I’m wondering if the problem could be related to the model size. The XCLIP model is significantly larger than the 3D ActionRecognitionNet model, and its performance metrics from trtexec
are as follows:
[08/30/2024-13:08:36] [I] === Performance summary ===
[08/30/2024-13:08:36] [I] Throughput: 3.5137 qps
[08/30/2024-13:08:36] [I] Latency: min = 266.574 ms, max = 280.172 ms, mean = 273.632 ms, median = 273.005 ms, percentile(90%) = 278.941 ms, percentile(95%) = 280.172 ms, percentile(99%) = 280.172 ms
[08/30/2024-13:08:36] [I] Enqueue Time: min = 0.677918 ms, max = 2.04102 ms, mean = 1.12804 ms, median = 1.04211 ms, percentile(90%) = 1.37646 ms, percentile(95%) = 2.04102 ms, percentile(99%) = 2.04102 ms
[08/30/2024-13:08:36] [I] H2D Latency: min = 6.88428 ms, max = 8.15256 ms, mean = 7.40798 ms, median = 7.38599 ms, percentile(90%) = 7.72327 ms, percentile(95%) = 8.15256 ms, percentile(99%) = 8.15256 ms
[08/30/2024-13:08:36] [I] GPU Compute Time: min = 259.231 ms, max = 273.051 ms, mean = 266.216 ms, median = 265.581 ms, percentile(90%) = 271.731 ms, percentile(95%) = 273.051 ms, percentile(99%) = 273.051 ms
[08/30/2024-13:08:36] [I] D2H Latency: min = 0.00415039 ms, max = 0.02771 ms, mean = 0.00793021 ms, median = 0.00653076 ms, percentile(90%) = 0.00842285 ms, percentile(95%) = 0.02771 ms, percentile(99%) = 0.02771 ms
[08/30/2024-13:08:36] [I] Total Host Walltime: 3.98441 s
[08/30/2024-13:08:36] [I] Total GPU Compute Time: 3.72702 s
Questions
- Could the inconsistent inference output be due to the higher input resolution in combination to the large size and slower processing speed of the XCLIP model in combination?

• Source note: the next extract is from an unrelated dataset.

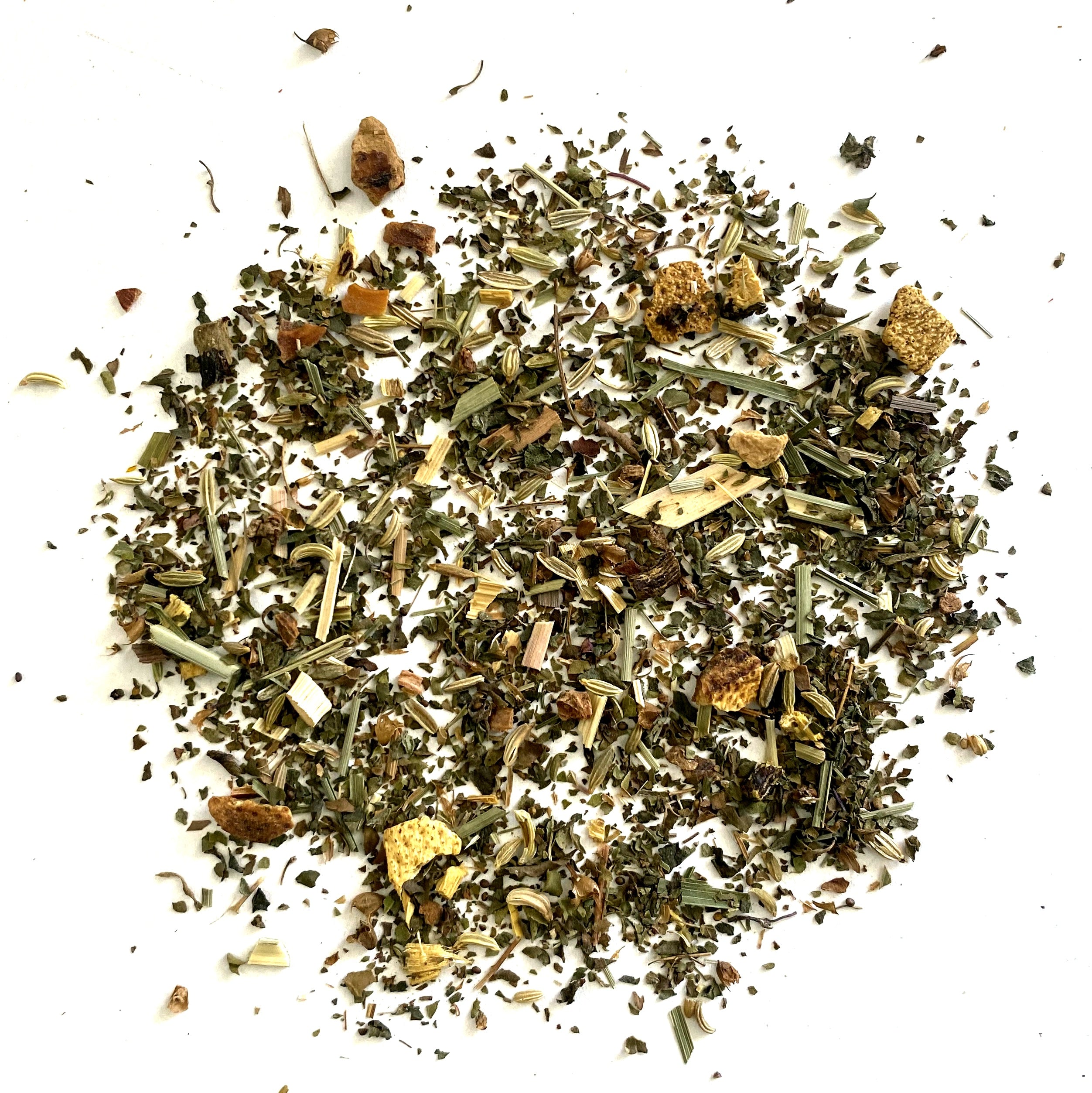 Holy Basil, Fennel Seed, Lemon Grass, Licorice root, Star Anise, Orange Peel, Peppermint, with Natural & Artificial Flavors.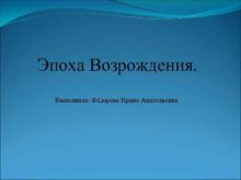 Эпоха Возрождения Выполнила Фёдорова Ирина Анатольевна Возрождение

- Is there a possibility that the sequence tensor prepared by the preprocessing step is not reaching the model consistently, or is there an issue with how the model processes these sequences?
Any insights or suggestions to help diagnose this issue would be greatly appreciated.
Thanks in advance for your assistance!